## Source material
# # # # #

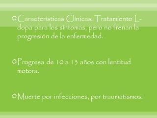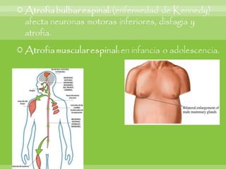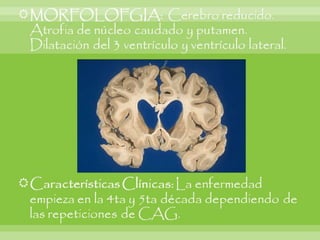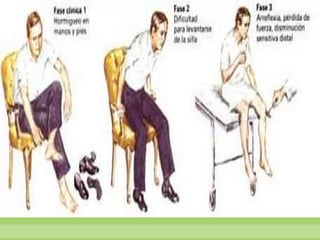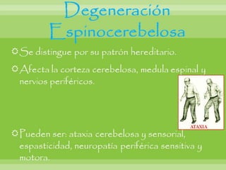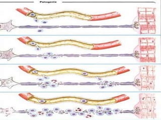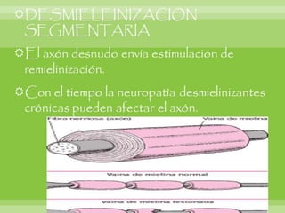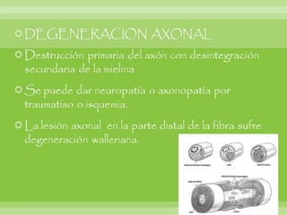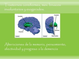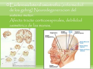 Este documento resume varias enfermedades neurodegenerativas y demencia, incluyendo la enfermedad de Alzheimer, la demencia frontotemporal, la enfermedad de Parkinson y la enfermedad de Huntington. Describe las causas, síntomas y hallazgos morfológicos y microscópicos de cada una. También cubre enfermedades del sistema nervioso periférico como el síndrome de Guillain-Barré, que causa debilidad muscular progresiva y puede ser fatal. El documento provee una visión general de las principales enfermed
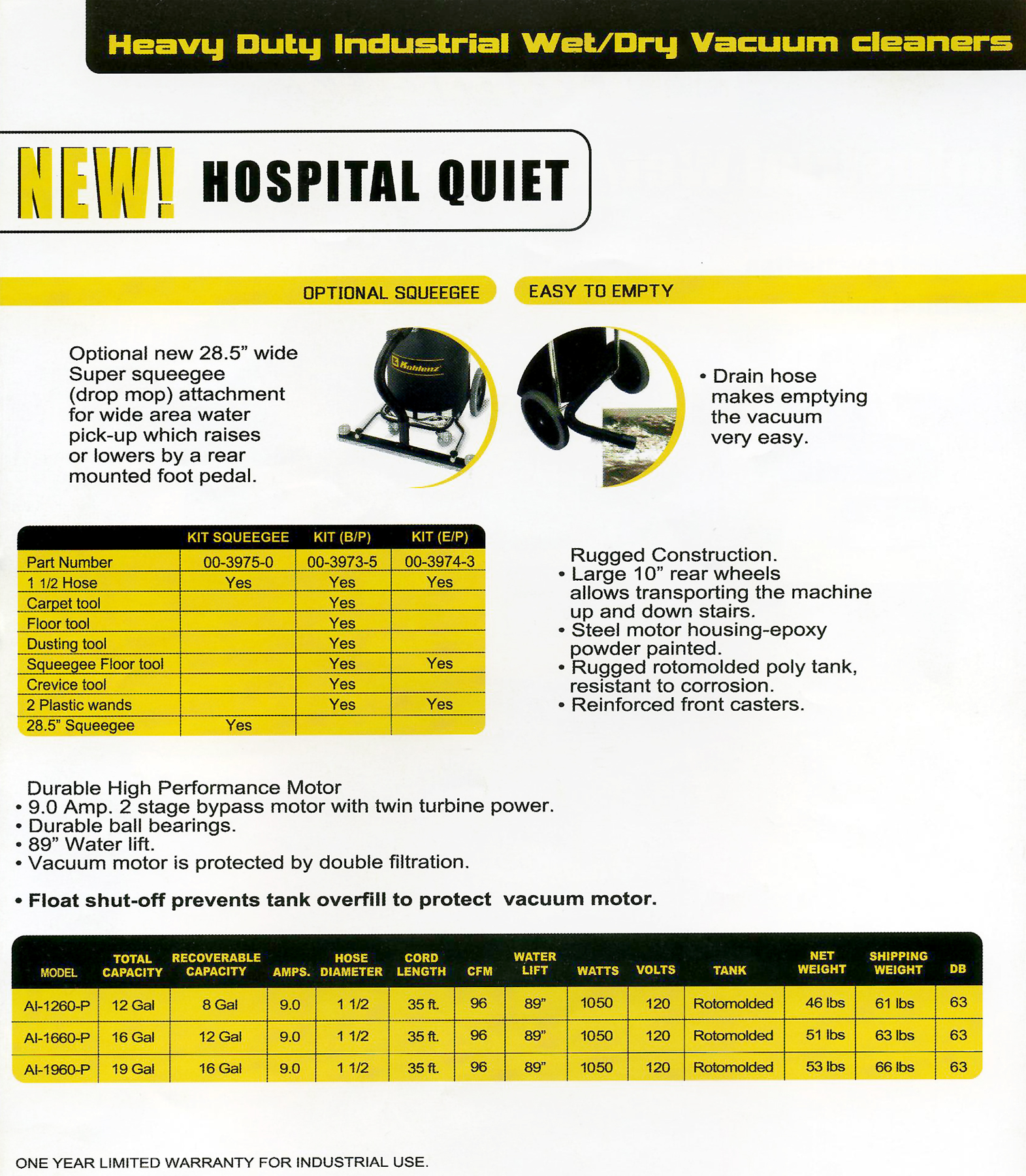 7.0 Amp. motor extra silent, 50'3-wire cord.
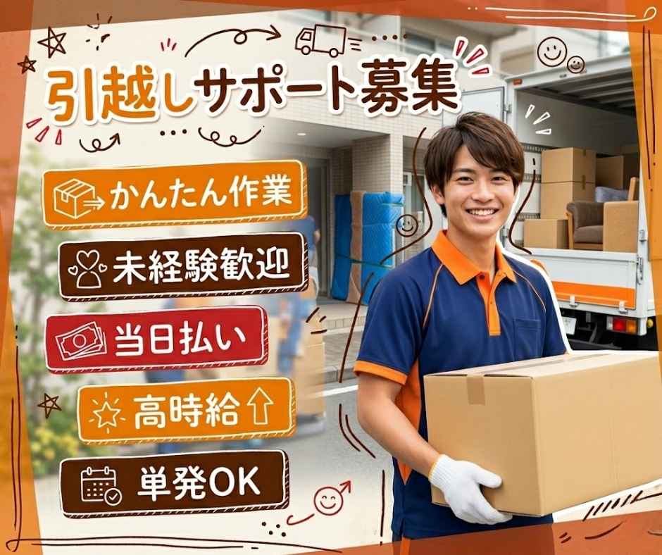 【業務内容】一般宅の引越作業【詳細】一般宅での家具・家電製品の搬入・搬出・開梱・片づけ作業など
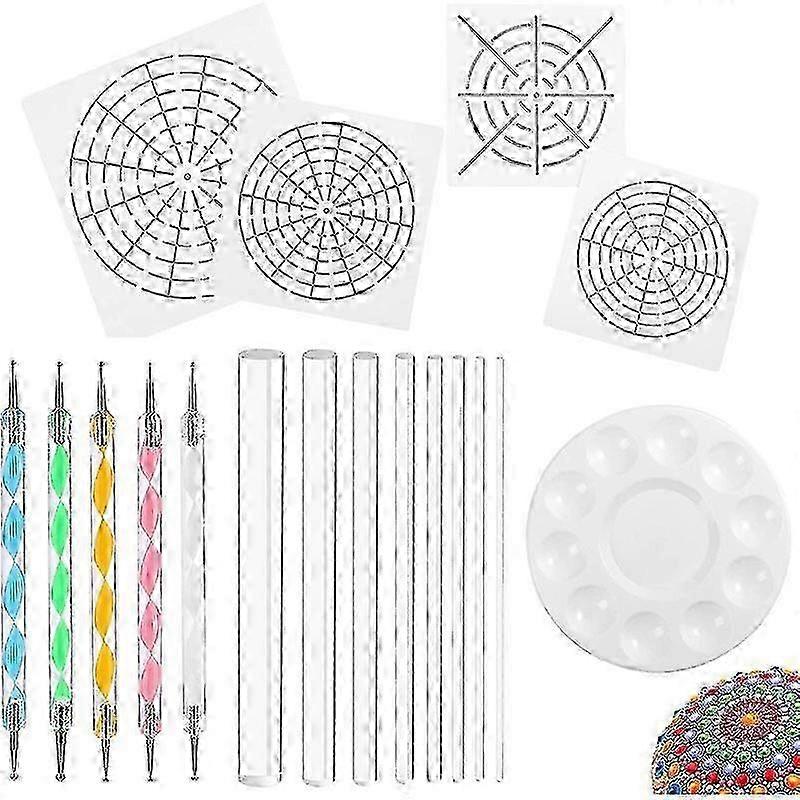 A complete set of tool - Our product includes Paint Tray, Mandala Stencils with different sizes, Acrylic Rods with sizes and Double Sided Dotting Tools. They can meet your multiple needs and are fit for beginners Quality and easy to clean - Transparent Acrylic Rods are smooth and feel comfortable; so they are fit for stippling on the of rocks, paper, canvas, etc. In addition, they are easy to clean and they can be used repeatedly, which is convenient and economical Wide application - Our product can be used in many situations such as stippling on the paper, wood, canvas, fabric, metal, furniture, wall art, etc Size - Acrylic Rods: the length of them is 5.91 inches and the diameters, 0.12, 0.16, 0.2, 0.24, 0.31, 0.39, 0.47, 0.59 inches. Double Sided Dotting Tools: the length of them are 5.12 inches; the diameters of the big ball are 0.12, 0.1, 0.08, 0.04, 0.03 inches and the diameter of the small ball, 0.06 inches. Mandala Stencil: 7.87 x 7.87 inch, 5.91 x 5.91 inch, 5.31 x 5.31 inch. Paint Tray: the diameter of it is 6.69 inches. Various choices are provided Safe and quality material - Acrylic Rods are made of acrylic; the pen-holder of the Double Sided Dotting Tools is made of acrylic and the pen-point is made of stainless iron; the Mandala Stencil, PVC and the Paint Tray, plastics Art assistant: Double Sided Dotting Tools are perfect tools for making dots, clay seam, paper flowers, flower modes of fondants, nail design and more. Clever design - The round Paint Tray has 10 and 1 central reservoir, which offers convenience to you to mix colors or use only one color. What's more, it is reusable and easy to use. templates style: random style,don't accept the specified style colour: random colors,don't accept the specified color Material: Acrylic + plastic size: 18 * 16 * 2.5cm Package Contents: 8*acrylic sticks 4*templates 5*point drill pens 1*color palette Notice: The children under 5 years old must be supervised by adults in case that children may be hurt by the pen point. Only the above package content, other products are not included. Note: Light and different displays may cause the color of the item in the picture a little different from the real thing. The measurement allowed error is +/- 1-3cm.

# # # # #

## What to work on
Where a picture appears in the listing above, skip it and set down all the rest exactly.

## Task answer
 Este documento resume varias enfermedades neurodegenerativas y demencia, incluyendo la enfermedad de Alzheimer, la demencia frontotemporal, la enfermedad de Parkinson y la enfermedad de Huntington. Describe las causas, síntomas y hallazgos morfológicos y microscópicos de cada una. También cubre enfermedades del sistema nervioso periférico como el síndrome de Guillain-Barré, que causa debilidad muscular progresiva y puede ser fatal. El documento provee una visión general de las principales enfermed
 7.0 Amp. motor extra silent, 50'3-wire cord.
 【業務内容】一般宅の引越作業【詳細】一般宅での家具・家電製品の搬入・搬出・開梱・片づけ作業など
 A complete set of tool - Our product includes Paint Tray, Mandala Stencils with different sizes, Acrylic Rods with sizes and Double Sided Dotting Tools. They can meet your multiple needs and are fit for beginners Quality and easy to clean - Transparent Acrylic Rods are smooth and feel comfortable; so they are fit for stippling on the of rocks, paper, canvas, etc. In addition, they are easy to clean and they can be used repeatedly, which is convenient and economical Wide application - Our product can be used in many situations such as stippling on the paper, wood, canvas, fabric, metal, furniture, wall art, etc Size - Acrylic Rods: the length of them is 5.91 inches and the diameters, 0.12, 0.16, 0.2, 0.24, 0.31, 0.39, 0.47, 0.59 inches. Double Sided Dotting Tools: the length of them are 5.12 inches; the diameters of the big ball are 0.12, 0.1, 0.08, 0.04, 0.03 inches and the diameter of the small ball, 0.06 inches. Mandala Stencil: 7.87 x 7.87 inch, 5.91 x 5.91 inch, 5.31 x 5.31 inch. Paint Tray: the diameter of it is 6.69 inches. Various choices are provided Safe and quality material - Acrylic Rods are made of acrylic; the pen-holder of the Double Sided Dotting Tools is made of acrylic and the pen-point is made of stainless iron; the Mandala Stencil, PVC and the Paint Tray, plastics Art assistant: Double Sided Dotting Tools are perfect tools for making dots, clay seam, paper flowers, flower modes of fondants, nail design and more. Clever design - The round Paint Tray has 10 and 1 central reservoir, which offers convenience to you to mix colors or use only one color. What's more, it is reusable and easy to use. templates style: random style,don't accept the specified style colour: random colors,don't accept the specified color Material: Acrylic + plastic size: 18 * 16 * 2.5cm Package Contents: 8*acrylic sticks 4*templates 5*point drill pens 1*color palette Notice: The children under 5 years old must be supervised by adults in case that children may be hurt by the pen point. Only the above package content, other products are not included. Note: Light and different displays may cause the color of the item in the picture a little different from the real thing. The measurement allowed error is +/- 1-3cm.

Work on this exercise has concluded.